Exercise brief —
Give back the exact lines of the material below from the one containing "Tourism marketing is" through the one containing "Całkiem zadbana, z", and no pictures.

Provided data —
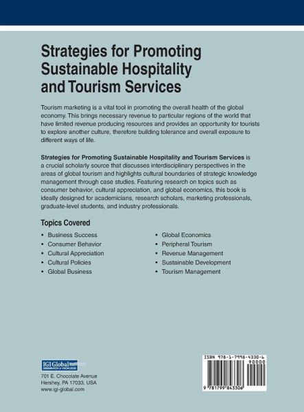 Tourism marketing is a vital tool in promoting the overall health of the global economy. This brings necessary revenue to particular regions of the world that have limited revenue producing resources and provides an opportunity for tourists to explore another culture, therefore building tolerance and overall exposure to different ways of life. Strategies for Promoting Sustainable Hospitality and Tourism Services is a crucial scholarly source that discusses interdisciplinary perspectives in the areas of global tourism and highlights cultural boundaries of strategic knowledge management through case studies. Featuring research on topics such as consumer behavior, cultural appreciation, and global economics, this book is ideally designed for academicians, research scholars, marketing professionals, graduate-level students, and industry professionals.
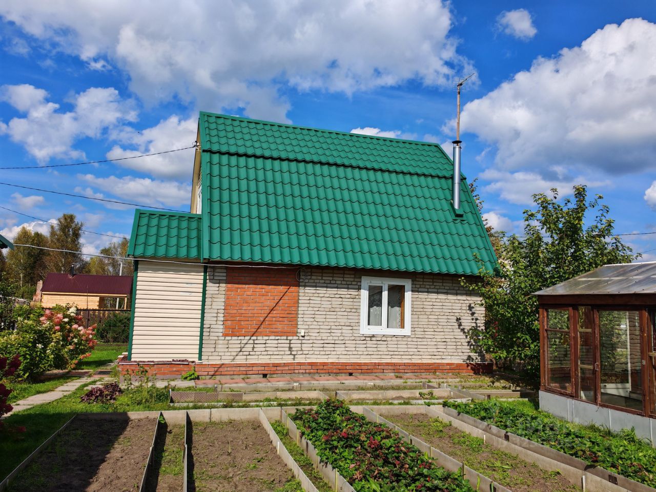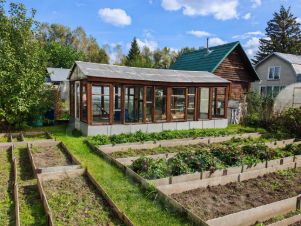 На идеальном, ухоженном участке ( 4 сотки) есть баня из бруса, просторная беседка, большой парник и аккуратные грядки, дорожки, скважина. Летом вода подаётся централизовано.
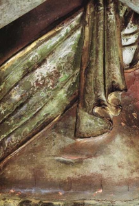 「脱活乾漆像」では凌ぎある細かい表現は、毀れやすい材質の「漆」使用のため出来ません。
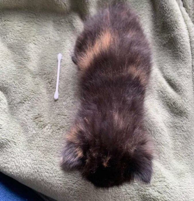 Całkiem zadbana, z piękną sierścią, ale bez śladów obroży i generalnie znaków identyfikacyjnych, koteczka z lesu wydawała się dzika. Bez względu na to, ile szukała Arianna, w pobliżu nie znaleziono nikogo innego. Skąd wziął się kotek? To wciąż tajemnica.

---

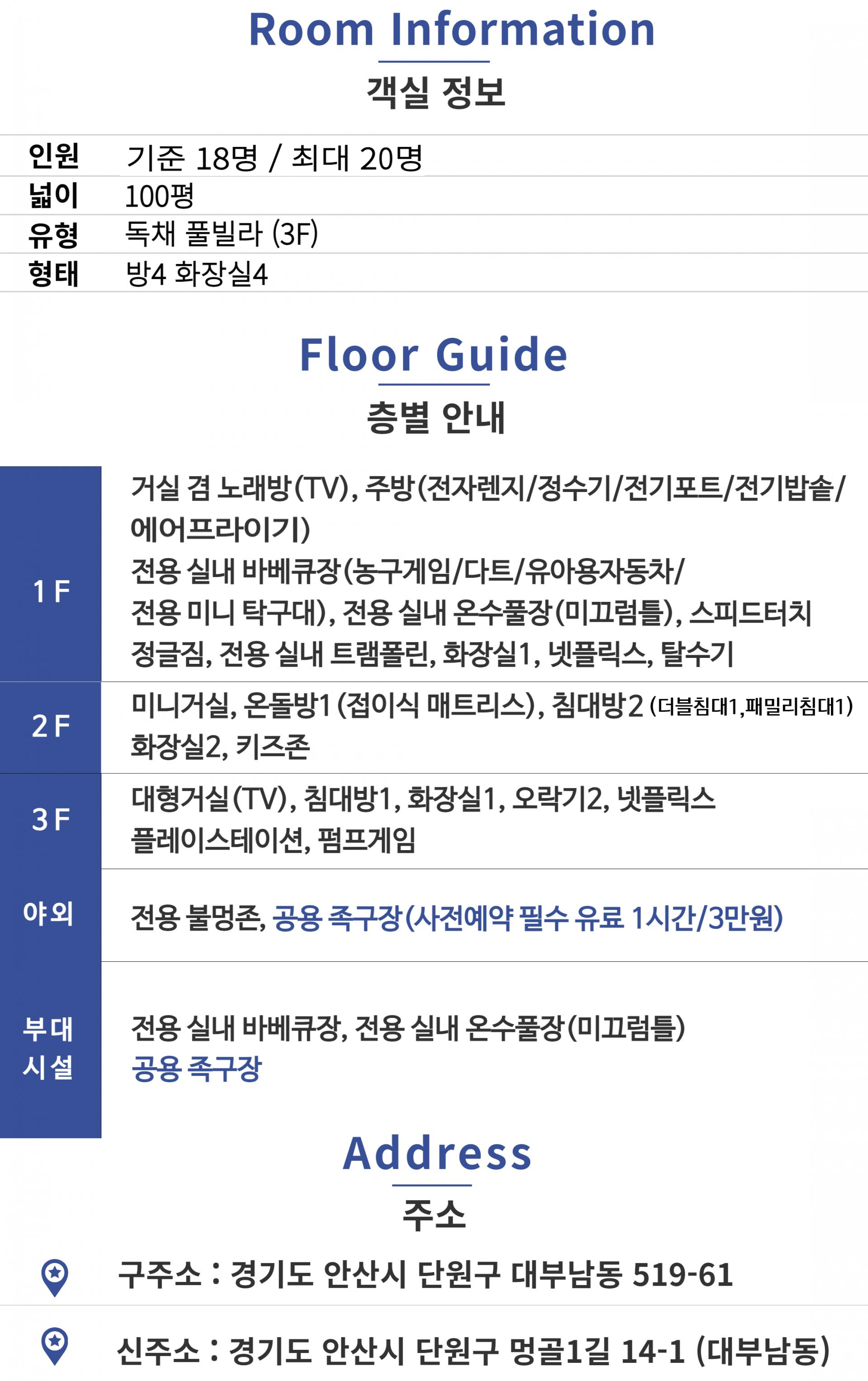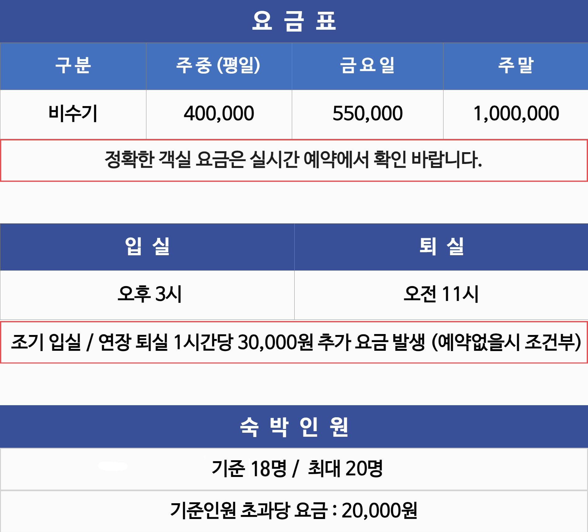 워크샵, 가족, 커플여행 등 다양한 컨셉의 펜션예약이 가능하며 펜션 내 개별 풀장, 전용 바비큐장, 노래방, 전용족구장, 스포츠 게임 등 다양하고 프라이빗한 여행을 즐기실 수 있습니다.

Exercise result —
 Tourism marketing is a vital tool in promoting the overall health of the global economy. This brings necessary revenue to particular regions of the world that have limited revenue producing resources and provides an opportunity for tourists to explore another culture, therefore building tolerance and overall exposure to different ways of life. Strategies for Promoting Sustainable Hospitality and Tourism Services is a crucial scholarly source that discusses interdisciplinary perspectives in the areas of global tourism and highlights cultural boundaries of strategic knowledge management through case studies. Featuring research on topics such as consumer behavior, cultural appreciation, and global economics, this book is ideally designed for academicians, research scholars, marketing professionals, graduate-level students, and industry professionals.
 На идеальном, ухоженном участке ( 4 сотки) есть баня из бруса, просторная беседка, большой парник и аккуратные грядки, дорожки, скважина. Летом вода подаётся централизовано.
 「脱活乾漆像」では凌ぎある細かい表現は、毀れやすい材質の「漆」使用のため出来ません。
 Całkiem zadbana, z piękną sierścią, ale bez śladów obroży i generalnie znaków identyfikacyjnych, koteczka z lesu wydawała się dzika. Bez względu na to, ile szukała Arianna, w pobliżu nie znaleziono nikogo innego. Skąd wziął się kotek? To wciąż tajemnica.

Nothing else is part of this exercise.